Tomorrow's careers start here?
As an MBA student about to enter the final year of my program, I have put a lot of thought into the careers of tomorrow, where these might be located and how I fit into the picture. I was honored to share some of these thoughts as part of the recent panel discussion on Monday August 10 at the 10-year Celebration of InStep event. The overall discussion, for those who did not attend, centered on defining the trends, opportunities and challenges for "India Inc." to attract top global talent.
As I said during the panel discussion, I think that talented people are attracted to any opportunity that lets them apply their best skills and talents to make a difference in the business. Having a chance to do that is exciting and is what everyone is looking for as they go through the recruiting process. Everything else, including where in the world such an opportunity might be located or the home base of the company in question, can be managed if the opportunity fits the profile well enough. However, I think a growth path must also be present. For example, taking on a project with a great chance to showcase one’s skills is a lot less attractive if there is no chance to continue to grow and develop.

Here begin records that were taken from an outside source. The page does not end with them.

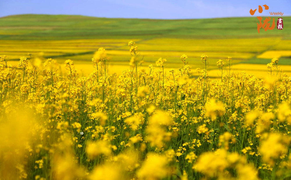 黃燦燦的油菜花鋪蓋在逶迤的山坡上,染盡山野,與此起彼伏的祁連山脈、古樸的民舍、一望無際的田野,共同繪就了一幅極具藝術(shù)感的“油畫”。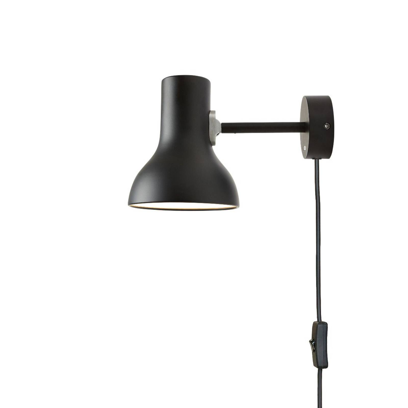 Anglepoise Type 75 Mini nástěnné, zásuvka, černé, Obývací pokoj / jídelna, hliník, E27, 10W, L: 13 cm, K: 15cm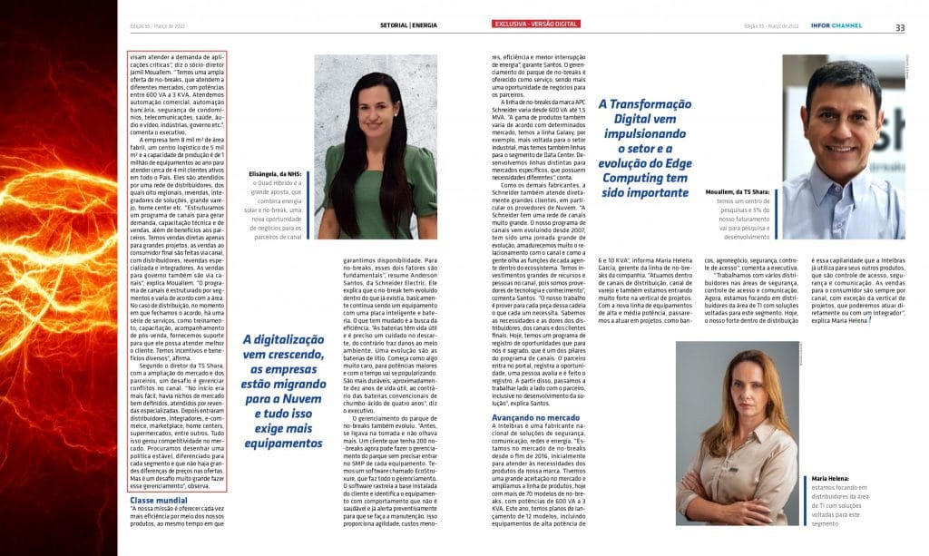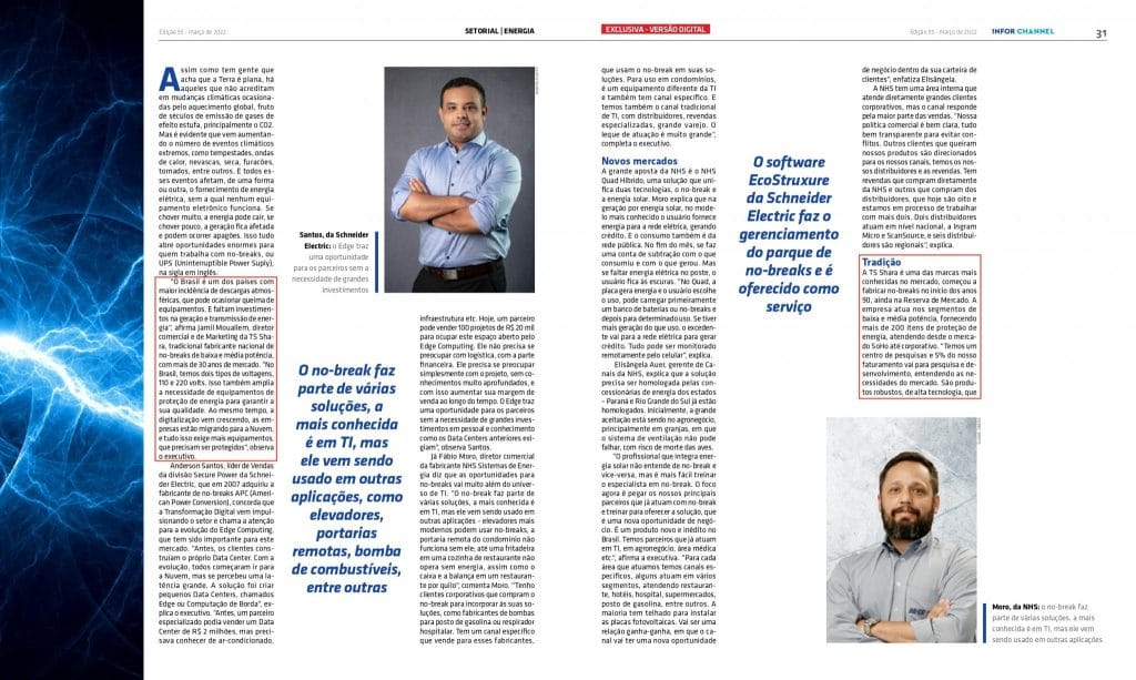 Confira a participação de Jamil Mouallem, diretor Comercial e de Marketing da TS Shara, no Especial sobre Sistemas de Energia, da revista Infor Channel.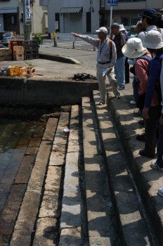 | オレンジのリュックがボランティアガイド氏。左側で川をのぞき込んでいる目線の先が、上の写真。 | |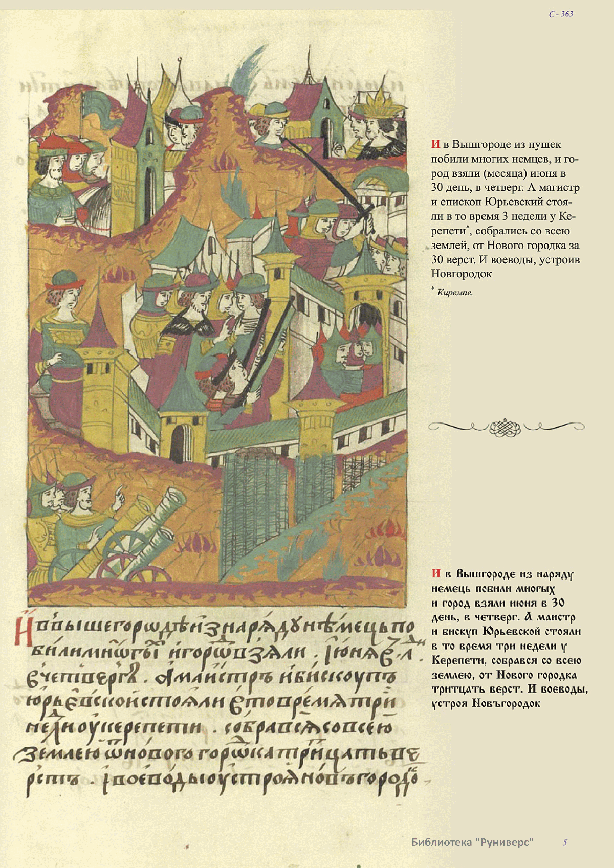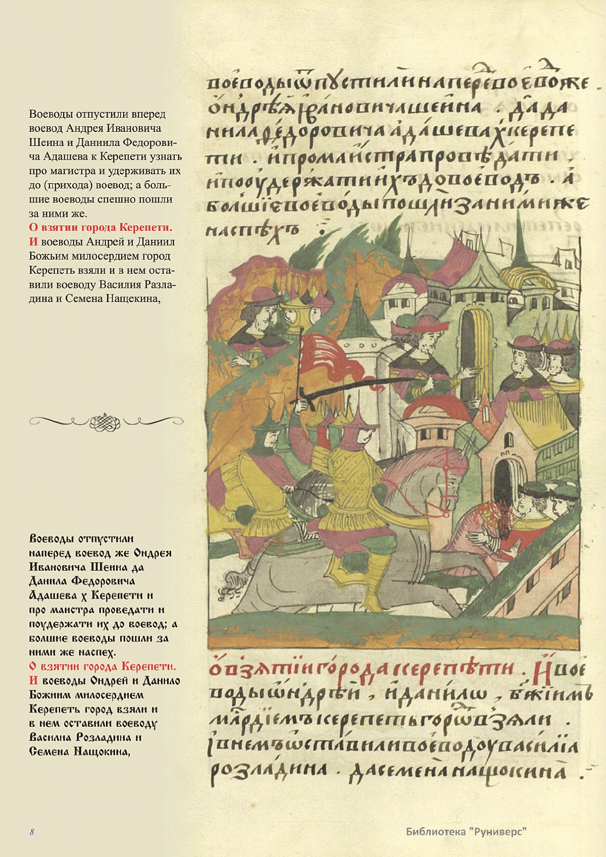 Лицевой летописный свод. XVI века — монументальный памятник древнерусского книжного искусства. На 10 тысячах листов с более чем 17 тысячами красочных миниатюр — «окон в историю» — представлена самая ранняя историческая и литературная энциклопедия. Лицевой свод дошел до наших дней в 10 томах, находящихся в разных древлехранилищах: БАН к РНБ в Санкт-Петербурге и ГИМ в Москве. Фирма «АКТЕОН» совместно с хранителями впервые осуществила научное факсимильное издание «Лицевой летописный свод XVI века». Предлагаемое издание с переводом — как дополнение в рамках научного аппарата вышеназванного факсимиле - представлено тремя разделами: библейская история, всемирная история, русская летописная история. В настоящем издании листы расположены в хронологическом порядке повествования На внешнем поле размещены транслитерация и перевод на современный русский язык. Русская летописная история 1114—1567 гг. — отражена на 6010 Лицевого летописного свода XVI века в следующих его томах: Г — Голицынский том (Отдел рукописей Российский национальной библиотеки, F.IV.225), Л — Лаптевский TOM (Отдел рукописей Российской национальной библиотеки, F.IV.233), O-I — Остермановский первый том (Отдел рукописей Библиотеки Академии наук, 31. 7. 30-1), O-II — Остермановский второй той (Отдел рукописей Библиотеки Академии наук, 31, 7. 30-2), Ш — Шумиловский том (Отдел рукописей Российской национальной библиотеки, F, IY. 232), С — Синодальный том (Отдел рукописей Государственного Исторического музея. Син. № 962), Ц— Царственная книга (Отдел рукописей Государственного Историческою музея. Син. № 149). В сносках отряжены разночтения с перепей ПСРЛ — Полным собранием русских летописей - фундаментальной для изучения истории древней и средневековой Руси книжной серией (её тексты, в основном, издавались наборно, в орфографии XIX века).

Furthermore, I believe that Indian companies that compete for global talent are generally in a good strategic position for two main reasons. First, the consensus economic opinion seems to be that the best growth opportunities in the near future will be in Asia in general and India plays a big role in that. Even if the Indian company is hiring for positions outside of Asia, the fact that the home base is economically strong is a positive factor for job seekers.
Second, Indian companies that compete for global talent already tend to be global companies that do business in a variety of places. This not only helps give good perspective on what it takes to succeed in winning talent within various markets, but also means a wider variety of possible opportunities to offer talented people in contrast to a company that does business primarily in only one country or region.
Of course, these two strategic advantages do not guarantee anything. Indian companies, like other companies, not only need a good business model, but also need to design their recruitment, retention and reward systems appropriately if they expect to win over the long term.
The final key ingredient, in my view, is a company culture that values diversity of thought, respects people of various backgrounds and does a good job of defining and living up to its stated values. Putting it all together, I see a lot of reasons why tomorrow’s best careers could be launched with an Indian company.